BLUE APRON, which has struggled to woo investors since its June IPO and recently laid off hundreds of workers, is only one of the many meal-kit and food delivery services that seem to be struggling. Some say the big meal bubble has burst but I suspect it's only undergoing significant changes since Americans continue to value the convenience and choice these services offer.
CVS Health's ballsy offer to acquire Aetna for $66 billion earlier this month is likely to get approved. And we'll surely see more M&A and JV activity in healthcare as players try to get in front of Amazon's eventual entry into the space. Fortunately for customers, such moves are likely to drive costs down and convenience up.
DONALD TRUMP has been my "D" brand for two years now.
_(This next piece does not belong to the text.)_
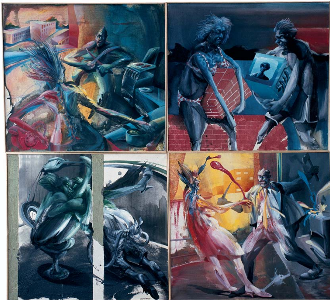
Lokální historka, 1983, akryl, olej, plátno, 200x250 cm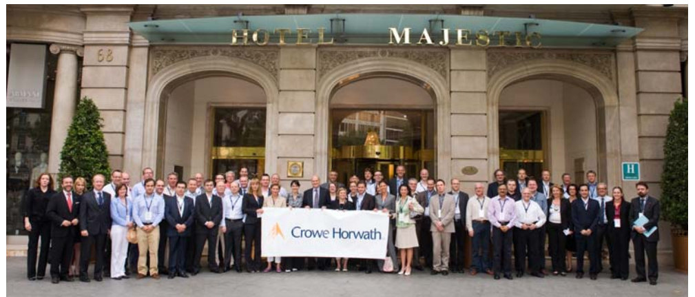
Die Teilnehmer der diesjährigen EMEA Tax Conference in Barcelona

Ziel der einzelnen Workshops war es unter anderem, durch fachliche Diskussionen zu aktuellen Themen die grenzüberschreitende Zusammenarbeit innerhalb des Crowe Horwath-Verbundes zu intensivieren. Zudem wurden zahlreiche Gastvorträge gehalten, so z. B. zum Thema Verrechnungspreise aus

His Presidential brand has unquestionably been the most unusual we've seen and the unbelievable antics will only continue. Between North Korea and Russia on the international front to healthcare and immigration domestically to his own staffing and family affairs, there's so much about The Donald to keep an eye on in the coming year.
ETHEREUM. I am just as confused by cryptocurrency and blockchain technology as most people are, but I'm pretty sure their influence on our economy is likely to continue to grow. Ethereum, an open software platform based on blockchain technology, enables developers to build and deploy decentralized applications. Given how wide-ranging it can be, I'm guessing we'll be hearing more about it in 2018 and beyond.
FACEBOOK. Nearly 200 million U.S. adult users spend an average of 41 minutes a day on Facebook -- that fact alone makes this brand noteworthy. But 2018 will bring more newsy developments given its involvement in the Russian election meddling, new features like its Watch video tab, and continued acquisitions.
GALAXY, Samsung's mobile device product brand, remains a formidable challenge to Apple. The Galaxy S8 Plus has been viewed as a viable -- even preferable, in some cases -- alternative to the iPhone X, and the S9, due out early next year, will feature a massive redesign (likely including dual cameras). But the Galaxy X with its expected folding display may catapult it well far ahead of even our imaginations.
HUAWEI. My bullish take on Samsung aside, I also continue to track Chinese smartphone giants Huawei and Xiaomi for their strength in international markets. Huawei's Mate 10 Pro holds its own against the Galaxy 8 and iPhone 8 and the brand is the smartphone market share leader in China (Apple is #5, Samsung , #9). Meanwhile Xiaomi is gaining a winning position in India, investing over $1 billion in 100 Indian startups to build out a robust ecosystem of mobile apps.
INDITEX, owner of retailer Zara, is one of several fast-fashion brands I'm watching. H&M and Fast Retailing's Uniqlo have also dominated the retail apparel landscape in recent years because of these brands ability to win customers with trendy styles and cheap prices. They've shown that logistics has become as important as marketing has to retailers, as retail leadership depends on delivering hot styles, maintaining low inventories, and refreshing fast-selling items to keep costs down while meeting fickle consumer demand.